Noel arifesi olduğu için hep birlikte kiliseye giden ailenin, döndüklerinde evin diğer bireyi olan köpeğin kaybolduğunu fark etmesiyle film, bir yol hikâyesine evriliyor. Ponce’u aramak için yola düşen Holly ile Ben, geçmiş ile yüzleşmeye başlıyorlar. Her ne kadar ilk kısımda kucağımıza ufak tefek nüveler koyulmuş olsa da asıl hikâyeyi bu yolculuk esnasında öğreniyoruz. Üstelik şu işe bakın ki; biz seyirci ile birlikte Holly de birçok şeyi yeni öğrenmektedir. Ben için ise bu bir gecelik yolculuk tüm bağımlılık hayatının bir özetidir. Ben, adeta terapisti tarafından hipnoz edilerek bilinçaltına inilen bir hasta gibidir. Hatırlamaktan korktuğu her şeyle yüzleşir Ben. Yaptıklarının sonuçlarından daha da tiksinir, neden olduğu şeylerin sorumluluğunu ise ilk defa üstlenir. Ben, saatler içerisinde adeta olgunlaşır.

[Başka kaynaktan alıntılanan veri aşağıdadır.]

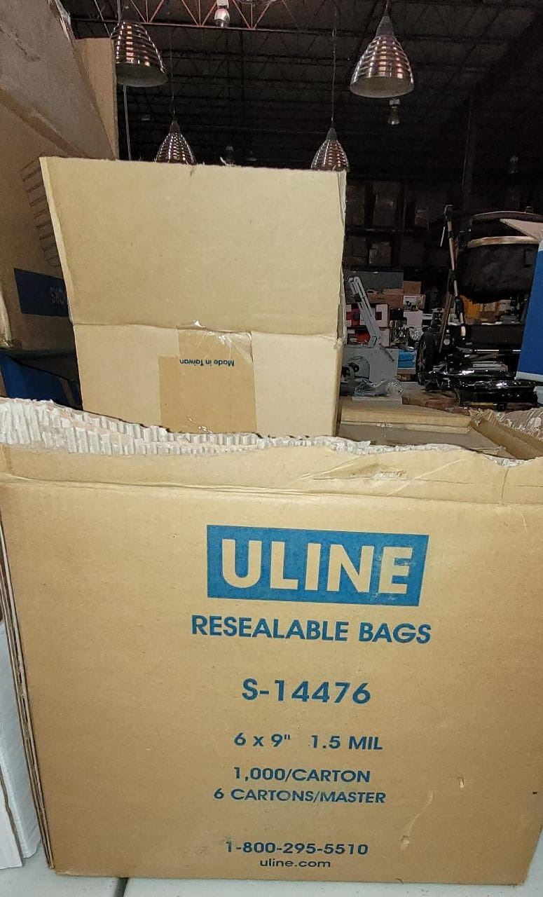 Group of Uline items - Resealable bags (S-14476) / wheel chocks / 15' chain for wheel chocks (H-546) etc
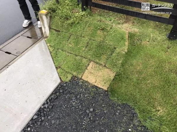お庭と駐車スペースの間の法面に、綺麗な天然芝を張られていましたが、一部が崩れてしまっていました。土を盛り、天然芝で補修させていただきました。
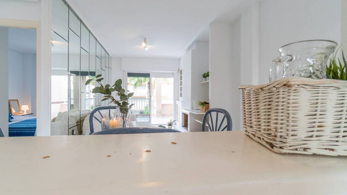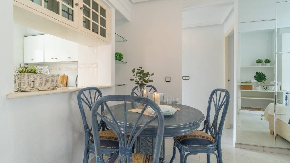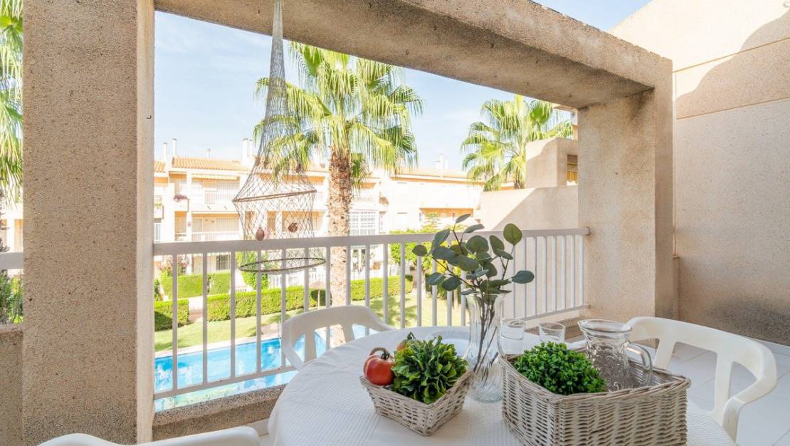 La vivienda se encuentra en una urbanización privada con preciosas zonas verdes y piscina comunitaria abierta todo el año. Cuenta con 58 m2 construidos y esta distribuida en un amplio salón comedor, cocina totalmente equipada, 2 habitaciones dobles, un baño y lo mejor de todo un amplio balcón de 14m2 con vistas a la piscina y a las zonas verdes.

Bu tek gecelik yolculuk sırasında çizilen Amerika panoraması ise içler acısıdır. Opioid’leri satan ama aşırı doza karşı etkili Naloxone gibi acil müdahale ilaçlarını satmayan eczanelerden tut da bağımlılık yapan ilaçları pervasızca yazan doktorlara, öğrencisine cinsel istismarda bulunan öğretmenlere ve en acısı da şehrin bir tarafına itelenmiş, görmezden gelinen bağımlılara kadar uzanıyor görüntü.  Tüm bunlar karşısında Holly kimi zaman kusarak kimi zaman ağlayarak kimi zaman da “Şikâyet ediyorum!” diye avazı çıktığı kadar bağırarak dayanmaya çalışıyor yaşadıklarına. Son olarak elinden geldiğince birçok şeye dokunmayı ihmal etmeyen filmin oldukça kusursuz bir kadın karakter yarattığını da belirtmeden geçmemek gerek. Holly’nin son karedeki Ben’e bakışı ise filmin başındaki kilisedeki bakışından çok farklıdır belki. Ama ne bir utanç ne de pişmanlık barındırmaz tüm yaşananlara ve yaşanacaklara rağmen. Zira sevgi tam da böyle bir şey değil midir?

Bu yazı ilk olarak 2019 yılı Nisan sayısında "Sinema Se7en"da yayınlanmıştır.